* **GOAL OF THE EXERCISE**
Your answer must be the exact lines from the one holding "Легким движением руки" through the end of the entries, with no pictures.

>>>

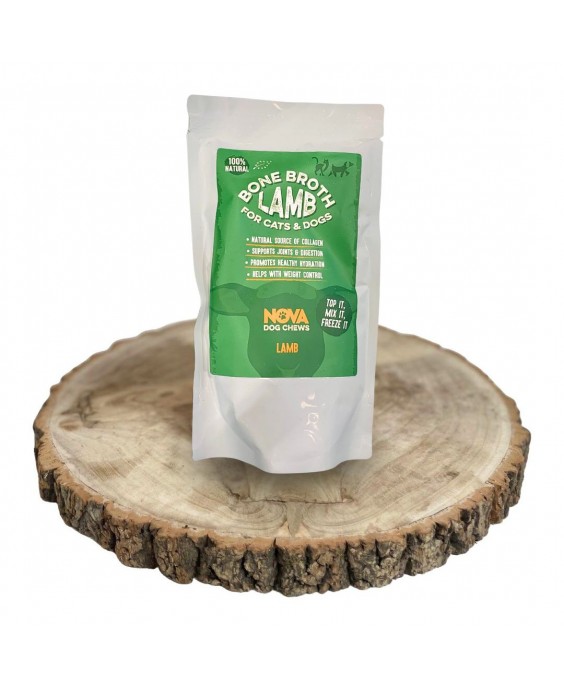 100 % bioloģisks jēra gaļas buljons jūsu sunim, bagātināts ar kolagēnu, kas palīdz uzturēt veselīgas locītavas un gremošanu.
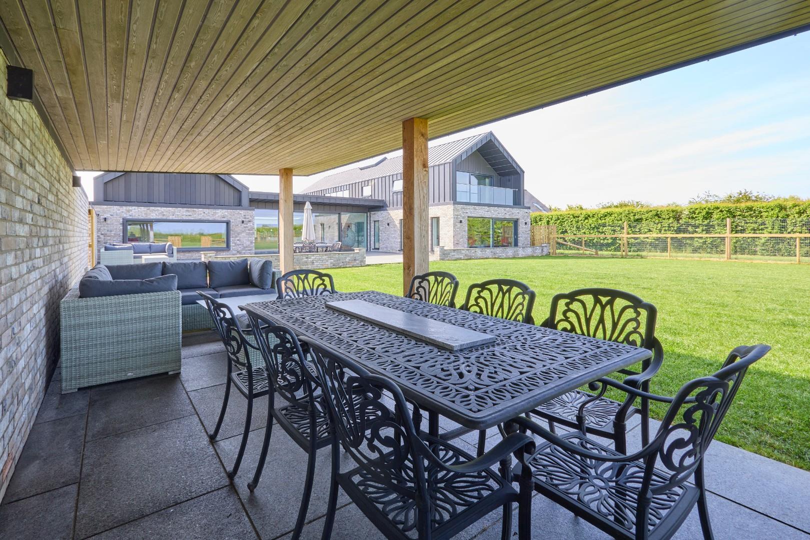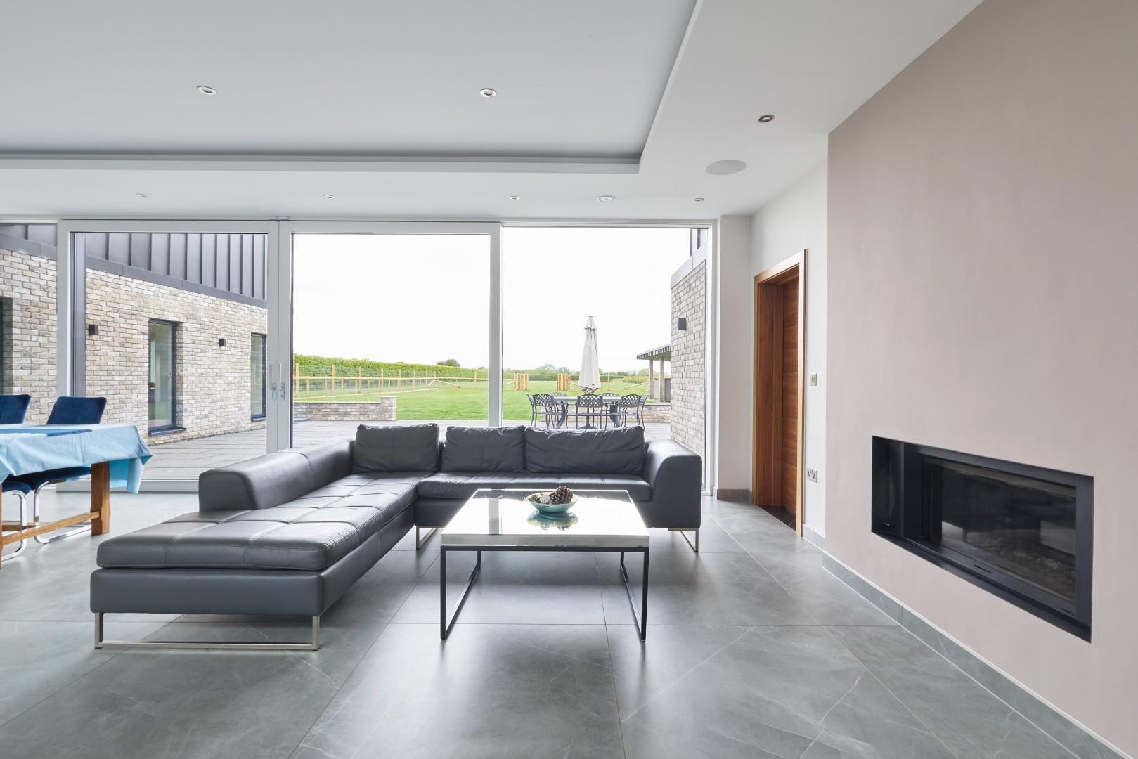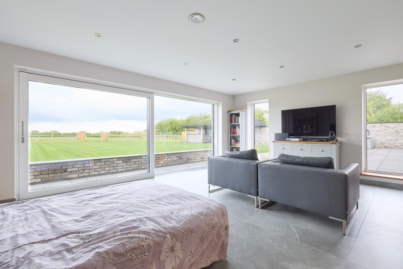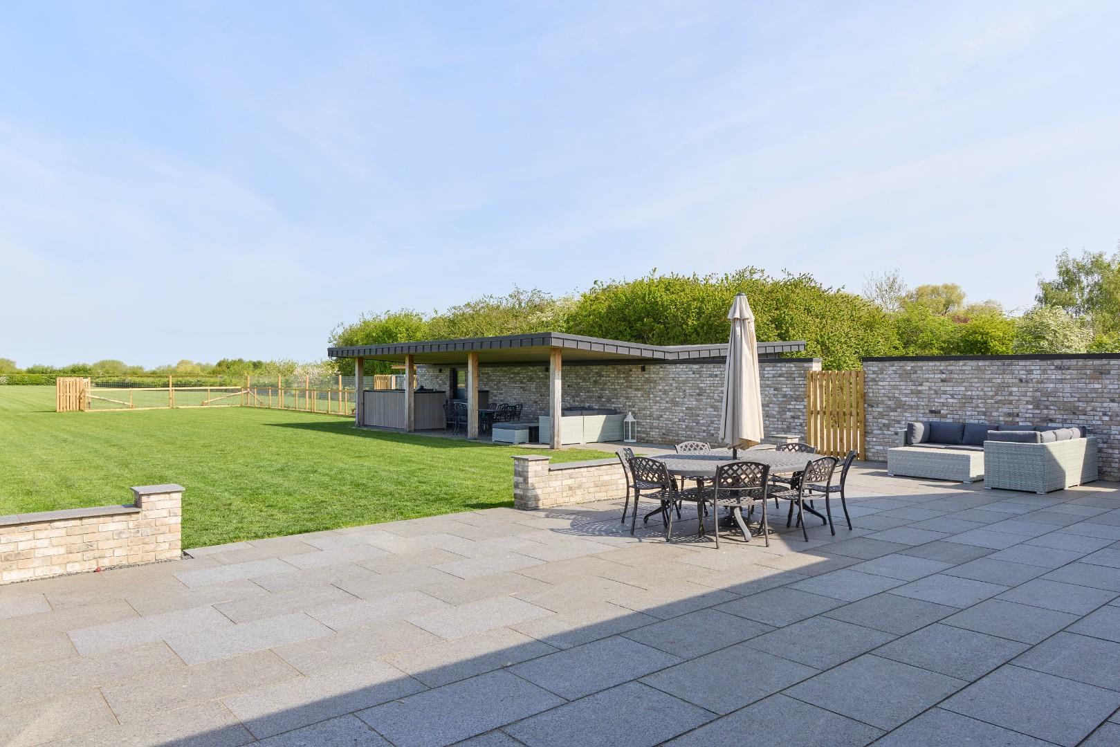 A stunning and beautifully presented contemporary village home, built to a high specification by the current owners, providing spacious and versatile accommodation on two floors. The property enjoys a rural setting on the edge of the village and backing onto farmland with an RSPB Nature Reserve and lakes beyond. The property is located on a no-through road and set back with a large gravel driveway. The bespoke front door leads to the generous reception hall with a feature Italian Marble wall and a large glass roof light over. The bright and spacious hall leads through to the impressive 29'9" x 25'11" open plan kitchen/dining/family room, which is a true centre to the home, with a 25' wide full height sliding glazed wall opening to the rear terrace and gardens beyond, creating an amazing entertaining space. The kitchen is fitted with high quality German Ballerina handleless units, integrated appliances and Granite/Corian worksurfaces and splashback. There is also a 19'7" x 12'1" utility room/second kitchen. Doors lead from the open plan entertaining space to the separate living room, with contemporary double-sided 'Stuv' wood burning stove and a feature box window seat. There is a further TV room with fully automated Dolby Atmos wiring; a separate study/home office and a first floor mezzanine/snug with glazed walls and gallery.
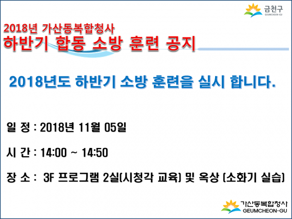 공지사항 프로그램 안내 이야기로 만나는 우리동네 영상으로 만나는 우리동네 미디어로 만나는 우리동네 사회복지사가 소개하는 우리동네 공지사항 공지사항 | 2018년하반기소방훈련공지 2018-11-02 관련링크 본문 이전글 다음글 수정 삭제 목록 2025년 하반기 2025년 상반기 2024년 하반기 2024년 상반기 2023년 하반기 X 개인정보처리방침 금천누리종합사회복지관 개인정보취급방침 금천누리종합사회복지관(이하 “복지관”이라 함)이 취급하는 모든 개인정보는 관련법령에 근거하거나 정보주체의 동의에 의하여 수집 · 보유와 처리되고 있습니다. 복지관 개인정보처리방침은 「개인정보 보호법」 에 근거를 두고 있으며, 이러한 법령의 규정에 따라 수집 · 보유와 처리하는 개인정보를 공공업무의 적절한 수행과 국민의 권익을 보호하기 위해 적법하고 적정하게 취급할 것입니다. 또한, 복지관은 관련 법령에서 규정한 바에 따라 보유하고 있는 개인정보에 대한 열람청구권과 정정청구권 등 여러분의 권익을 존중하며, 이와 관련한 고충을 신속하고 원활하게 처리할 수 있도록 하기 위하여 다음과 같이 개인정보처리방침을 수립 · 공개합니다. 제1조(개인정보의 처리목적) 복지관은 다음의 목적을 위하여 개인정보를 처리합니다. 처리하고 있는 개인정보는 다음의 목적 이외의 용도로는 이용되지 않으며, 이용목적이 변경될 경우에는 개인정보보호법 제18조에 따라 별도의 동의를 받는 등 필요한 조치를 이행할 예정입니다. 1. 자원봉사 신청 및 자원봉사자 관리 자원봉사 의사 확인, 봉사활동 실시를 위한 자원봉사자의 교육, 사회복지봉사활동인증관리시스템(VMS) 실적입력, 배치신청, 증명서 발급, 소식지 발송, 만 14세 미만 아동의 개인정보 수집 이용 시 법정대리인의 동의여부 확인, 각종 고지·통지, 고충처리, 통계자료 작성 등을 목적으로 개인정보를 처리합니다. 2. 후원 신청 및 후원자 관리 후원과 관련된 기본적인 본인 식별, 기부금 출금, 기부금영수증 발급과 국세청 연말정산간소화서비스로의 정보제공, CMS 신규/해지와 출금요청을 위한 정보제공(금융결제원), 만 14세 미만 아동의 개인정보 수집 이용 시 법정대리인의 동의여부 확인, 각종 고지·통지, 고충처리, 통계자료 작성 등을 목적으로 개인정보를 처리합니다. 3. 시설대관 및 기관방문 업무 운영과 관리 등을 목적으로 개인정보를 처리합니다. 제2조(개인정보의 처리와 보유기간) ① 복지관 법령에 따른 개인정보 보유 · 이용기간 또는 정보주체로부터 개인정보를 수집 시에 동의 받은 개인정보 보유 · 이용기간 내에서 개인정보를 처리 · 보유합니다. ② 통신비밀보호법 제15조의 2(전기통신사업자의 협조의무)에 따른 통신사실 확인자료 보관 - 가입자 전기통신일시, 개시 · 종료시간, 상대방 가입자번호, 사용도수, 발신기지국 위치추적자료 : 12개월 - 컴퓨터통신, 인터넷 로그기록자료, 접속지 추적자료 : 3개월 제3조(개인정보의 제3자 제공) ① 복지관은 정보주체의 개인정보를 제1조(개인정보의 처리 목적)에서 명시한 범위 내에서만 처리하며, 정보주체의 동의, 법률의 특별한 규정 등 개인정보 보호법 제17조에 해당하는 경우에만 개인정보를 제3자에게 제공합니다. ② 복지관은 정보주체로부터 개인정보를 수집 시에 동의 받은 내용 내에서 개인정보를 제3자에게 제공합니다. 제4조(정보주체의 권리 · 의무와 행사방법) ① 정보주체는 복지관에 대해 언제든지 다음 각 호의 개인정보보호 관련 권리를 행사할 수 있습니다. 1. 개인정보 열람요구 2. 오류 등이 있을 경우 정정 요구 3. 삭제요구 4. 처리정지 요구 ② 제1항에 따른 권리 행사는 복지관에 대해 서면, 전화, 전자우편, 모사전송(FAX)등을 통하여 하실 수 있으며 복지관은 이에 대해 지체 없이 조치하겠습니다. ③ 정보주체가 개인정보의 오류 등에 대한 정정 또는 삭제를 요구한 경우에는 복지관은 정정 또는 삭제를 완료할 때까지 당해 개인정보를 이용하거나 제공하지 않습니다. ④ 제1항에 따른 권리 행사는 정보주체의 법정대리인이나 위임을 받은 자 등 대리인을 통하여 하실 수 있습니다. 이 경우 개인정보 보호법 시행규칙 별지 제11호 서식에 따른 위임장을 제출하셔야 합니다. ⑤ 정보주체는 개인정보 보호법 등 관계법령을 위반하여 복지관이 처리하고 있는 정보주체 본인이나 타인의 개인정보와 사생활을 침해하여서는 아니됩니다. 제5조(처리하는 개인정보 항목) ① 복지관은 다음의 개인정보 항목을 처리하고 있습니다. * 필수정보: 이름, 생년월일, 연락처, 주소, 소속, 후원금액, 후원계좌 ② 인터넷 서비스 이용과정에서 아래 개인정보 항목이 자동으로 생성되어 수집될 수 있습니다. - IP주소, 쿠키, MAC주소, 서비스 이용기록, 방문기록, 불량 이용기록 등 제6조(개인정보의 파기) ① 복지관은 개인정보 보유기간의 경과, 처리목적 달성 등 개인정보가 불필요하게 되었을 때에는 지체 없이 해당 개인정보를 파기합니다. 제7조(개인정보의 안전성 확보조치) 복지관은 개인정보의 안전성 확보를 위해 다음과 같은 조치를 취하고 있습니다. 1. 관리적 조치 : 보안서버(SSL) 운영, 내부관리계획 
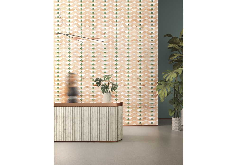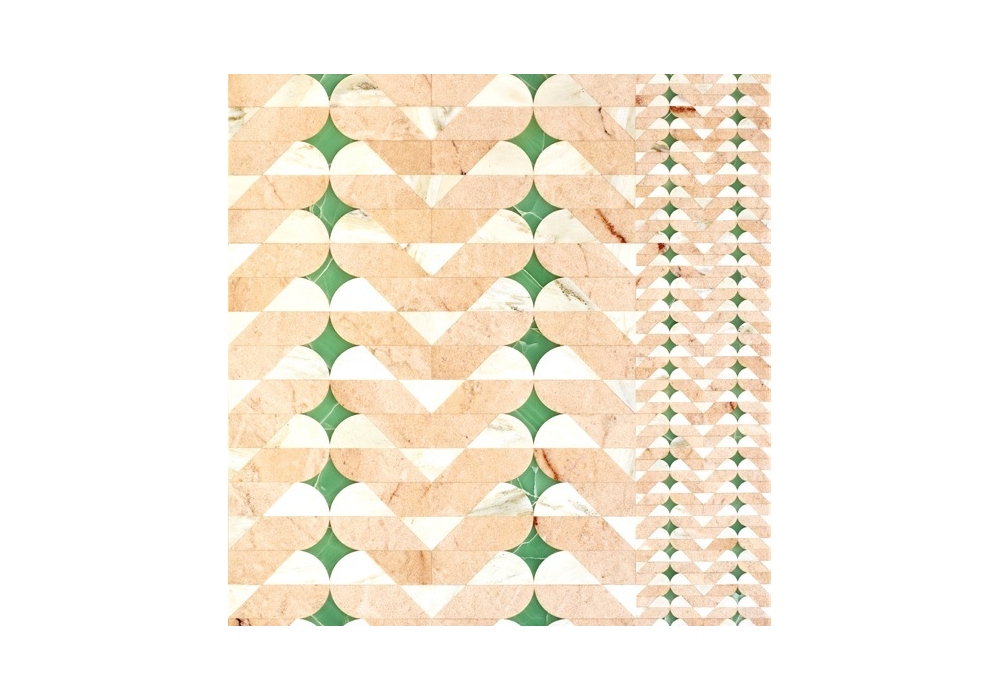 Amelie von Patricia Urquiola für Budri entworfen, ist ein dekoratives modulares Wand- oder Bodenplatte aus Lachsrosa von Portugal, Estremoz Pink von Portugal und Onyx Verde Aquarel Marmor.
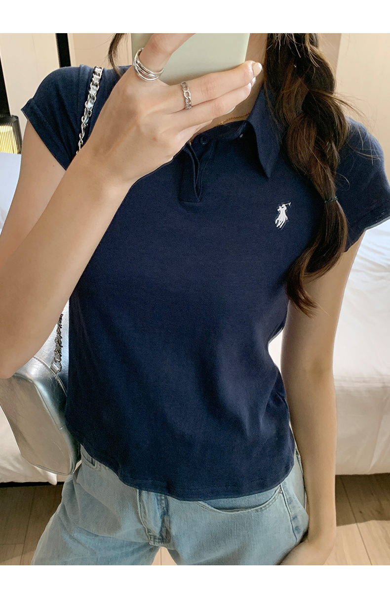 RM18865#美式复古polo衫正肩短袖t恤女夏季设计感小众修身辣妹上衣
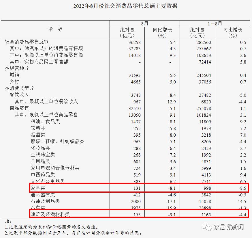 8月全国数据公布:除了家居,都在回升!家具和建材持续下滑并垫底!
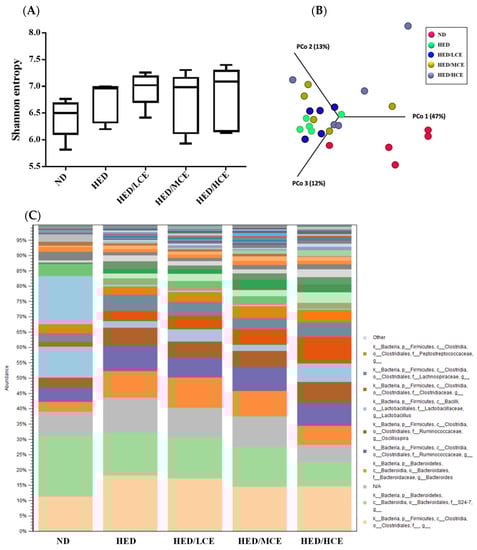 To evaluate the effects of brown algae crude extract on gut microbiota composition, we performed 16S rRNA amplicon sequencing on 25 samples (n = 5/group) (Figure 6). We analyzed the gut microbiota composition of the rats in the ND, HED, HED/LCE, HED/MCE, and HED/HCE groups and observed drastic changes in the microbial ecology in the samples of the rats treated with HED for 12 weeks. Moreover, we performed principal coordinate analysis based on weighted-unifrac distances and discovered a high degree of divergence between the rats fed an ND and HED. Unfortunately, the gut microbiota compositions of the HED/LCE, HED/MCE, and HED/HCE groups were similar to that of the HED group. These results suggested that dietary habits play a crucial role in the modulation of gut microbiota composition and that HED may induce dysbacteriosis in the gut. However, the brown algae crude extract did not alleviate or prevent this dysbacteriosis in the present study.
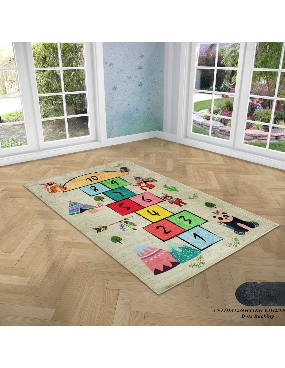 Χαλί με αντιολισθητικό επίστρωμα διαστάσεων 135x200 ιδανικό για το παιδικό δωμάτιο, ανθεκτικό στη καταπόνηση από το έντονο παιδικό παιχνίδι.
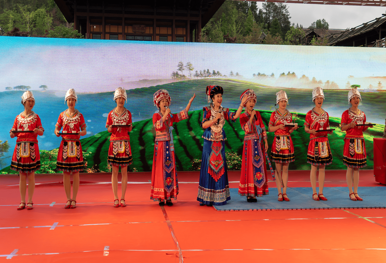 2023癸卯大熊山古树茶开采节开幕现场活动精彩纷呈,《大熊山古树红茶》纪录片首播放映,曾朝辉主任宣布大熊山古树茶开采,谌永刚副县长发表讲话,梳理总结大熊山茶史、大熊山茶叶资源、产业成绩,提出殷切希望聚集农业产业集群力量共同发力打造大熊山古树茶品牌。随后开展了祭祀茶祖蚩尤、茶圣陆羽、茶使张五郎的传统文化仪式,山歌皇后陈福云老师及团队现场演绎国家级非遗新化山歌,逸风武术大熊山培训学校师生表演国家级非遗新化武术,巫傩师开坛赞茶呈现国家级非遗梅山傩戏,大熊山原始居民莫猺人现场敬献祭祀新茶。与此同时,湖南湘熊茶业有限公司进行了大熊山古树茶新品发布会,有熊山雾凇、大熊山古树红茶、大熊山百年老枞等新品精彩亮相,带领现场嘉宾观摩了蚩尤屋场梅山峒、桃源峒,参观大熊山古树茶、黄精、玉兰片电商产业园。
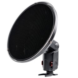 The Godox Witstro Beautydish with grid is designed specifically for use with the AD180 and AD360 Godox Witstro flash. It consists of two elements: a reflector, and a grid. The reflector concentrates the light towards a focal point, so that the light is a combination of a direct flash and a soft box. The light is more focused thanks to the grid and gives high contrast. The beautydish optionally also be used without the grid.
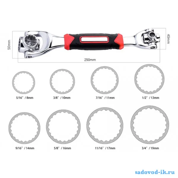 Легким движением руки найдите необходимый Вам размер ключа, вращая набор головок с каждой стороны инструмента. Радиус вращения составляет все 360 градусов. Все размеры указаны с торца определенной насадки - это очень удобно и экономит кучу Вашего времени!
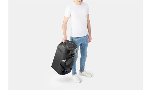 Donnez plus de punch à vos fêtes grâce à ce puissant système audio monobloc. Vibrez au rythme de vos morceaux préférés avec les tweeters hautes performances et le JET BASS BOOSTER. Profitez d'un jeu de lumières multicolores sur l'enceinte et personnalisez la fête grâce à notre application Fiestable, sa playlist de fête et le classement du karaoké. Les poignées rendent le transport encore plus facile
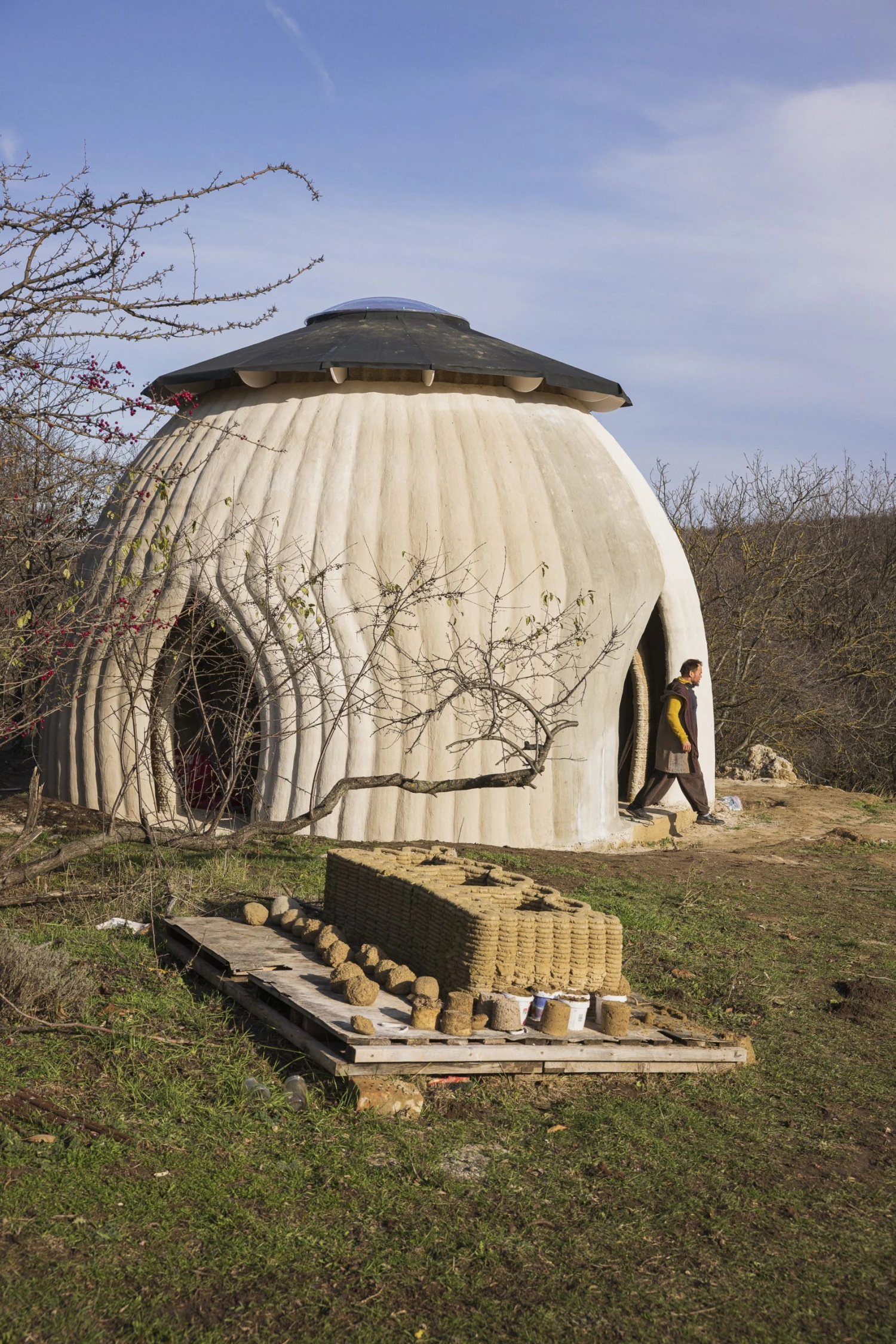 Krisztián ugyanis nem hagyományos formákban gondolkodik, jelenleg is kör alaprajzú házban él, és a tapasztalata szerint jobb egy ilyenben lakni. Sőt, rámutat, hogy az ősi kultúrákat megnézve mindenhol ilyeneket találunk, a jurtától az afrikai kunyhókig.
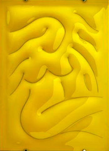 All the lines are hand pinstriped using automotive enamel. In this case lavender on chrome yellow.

<<<

* **EXERCISE ANSWER**
 Легким движением руки найдите необходимый Вам размер ключа, вращая набор головок с каждой стороны инструмента. Радиус вращения составляет все 360 градусов. Все размеры указаны с торца определенной насадки - это очень удобно и экономит кучу Вашего времени!
 Donnez plus de punch à vos fêtes grâce à ce puissant système audio monobloc. Vibrez au rythme de vos morceaux préférés avec les tweeters hautes performances et le JET BASS BOOSTER. Profitez d'un jeu de lumières multicolores sur l'enceinte et personnalisez la fête grâce à notre application Fiestable, sa playlist de fête et le classement du karaoké. Les poignées rendent le transport encore plus facile
 Krisztián ugyanis nem hagyományos formákban gondolkodik, jelenleg is kör alaprajzú házban él, és a tapasztalata szerint jobb egy ilyenben lakni. Sőt, rámutat, hogy az ősi kultúrákat megnézve mindenhol ilyeneket találunk, a jurtától az afrikai kunyhókig.
 All the lines are hand pinstriped using automotive enamel. In this case lavender on chrome yellow.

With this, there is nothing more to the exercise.